This is the safefood Podcast.

James: Hello, I'm James McIntosh, a specialist in toxicology with safefood and you're very welcome to another chapter in our food safety podcast series where we look at different aspects of the food chain on the island of Ireland.

In today's podcast, we are going to look at the whole area of food safety auditing, specifically the subject of remote auditing which has come into focus due to the current pandemic. I'm delighted to welcome Marie-Therese Sweeney who is a quality and hygiene systems consultant with over 20 years experience in the food industry.

Hi, Marie-Therese, you're very welcome.

Marie-Therese: Good morning James. How are you?

James: We're fine. Briefly, can you give us an idea of your background and the work that you're generally involved in?

Marie-Therese: Yes, indeed. Well, I am a science graduate from NUIG, but it was formerly UCG. So I won't admit to that's to how long ago that was, however, since then I have worked in the food industry for many, many years with Kerry Group in a number of their meat plants, the Garvey group, their SuperValu/Centra group down in the South West of the country. In my roles with them, I worked as quality manager, quality technician, worked in the micro labs, was the food safety trainer and auditor for those companies. And then after a number of years there, I took a year out and went to Australia to find myself. Found myself coming home and I set up my own business over 20 years ago. As you said, primarily in the area of food safety advisory work, training work, I'm a certified trainer with the Environmental Health Association of Ireland. so I run and deliver training programmes to their food safety, primary food safety course.

I work as a food safety auditor with a number of certification bodies, including Bord Bia and EIQA, and I also work with some private companies myself in my capacity as an advisor, doing training with them, implementing their HACCP plans, reviewing HACCP plans, acting as their internal food safety auditor if they are involved in any certification programmes, and generally a contact for them with matters of food safety.
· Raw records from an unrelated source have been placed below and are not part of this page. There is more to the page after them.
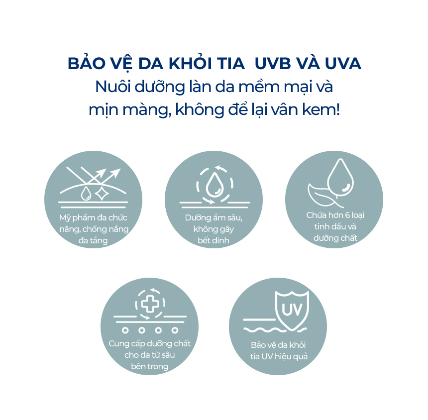 Tạo hàng rào bảo vệ da.Vừa chống nắng vừa nuôi dưỡng làn da mềm mại và mịn màng, không để lại vân kem. Thuận tiện ~ mỏng nhẹ, không bết dính, chống nắng an toàn trong suốt ngày dài. Chứa tới hơn 6 loại tinh dầu và dưỡng chất để kiểm soát cân bằng dầu nhờn và độ ẩm. Bảo vệ da mọi lúc, mọi nơi: trong nhà , ngoài trời , đi bơi, các hoạt động thể thao.
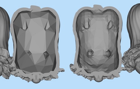 基本上所有光固化切片軟件都支持掏空功能,不過不同軟件掏空算法可能有區別,掏空的內部形狀不一樣。如圖,左側是赤兔軟件掏空的內部情況,而右側則是用magics來掏空的??梢詫Ρ劝l現,總體上掏空內容差不多,但magics掏空后內表面更加簡化光滑。更簡潔的內表面意味著三角面更少,切片過程更快,減少電腦運行壓力,這個對于大量中間模型切片時效用很大。同時也因為較少出現復雜內表面,減輕了內部清理的難度。
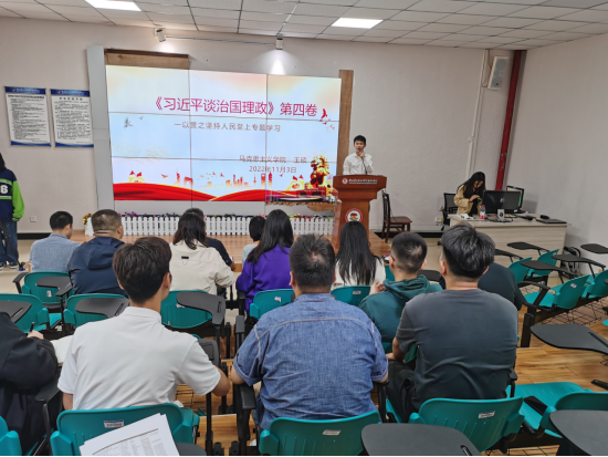 根据学校党委的安排,11月3日中午,体育与健康学院与商学院在11408教室邀请马克思主义学院王硕老师讲授学习《习近平谈治国理政》第四卷心得体会专题党课,此次专题党课体育与健康学院与商学院全体党员老师参加。

James: So, it sounds as if you have a excellent experience in the whole area, I suppose, of food safety auditing as well. And a lot of our listeners might not actually know what's involved generally in food safety auditing. Can you just give us a brief background, what that whole thing involves?

Marie-Therese: Okay, well, food safety auditing in itself James, is basically an independent evaluation or an assessment of how effective a food business is implementing their food safety management systems. So, food safety auditing is relevant in all food businesses, small, medium and large, shops, restaurants, cafes, food processors, all would have some level of food safety auditing happening.

It could be where an external auditor comes in, like an environmental health officer coming in to do an unannounced audit of the food safety systems, or where an external person, a third party like myself, may come in to audit their business to a particular voluntary standard, such as the BRC, which is a British Retail Consortium standard, and the Q Mark for Hygiene and Food Safety. A lot of retailers, supermarkets would have that standard, Bord Bia Quality Assurance standard.

And basically it means where somebody comes in and they walk around the premises, they check the standards of structural hygiene. So, looking at the floors, walls, windows, doors, what the physical environment is like, also assessing the operational standards within that food business. So, how clean is the place being kept, how staff are operating to good standards?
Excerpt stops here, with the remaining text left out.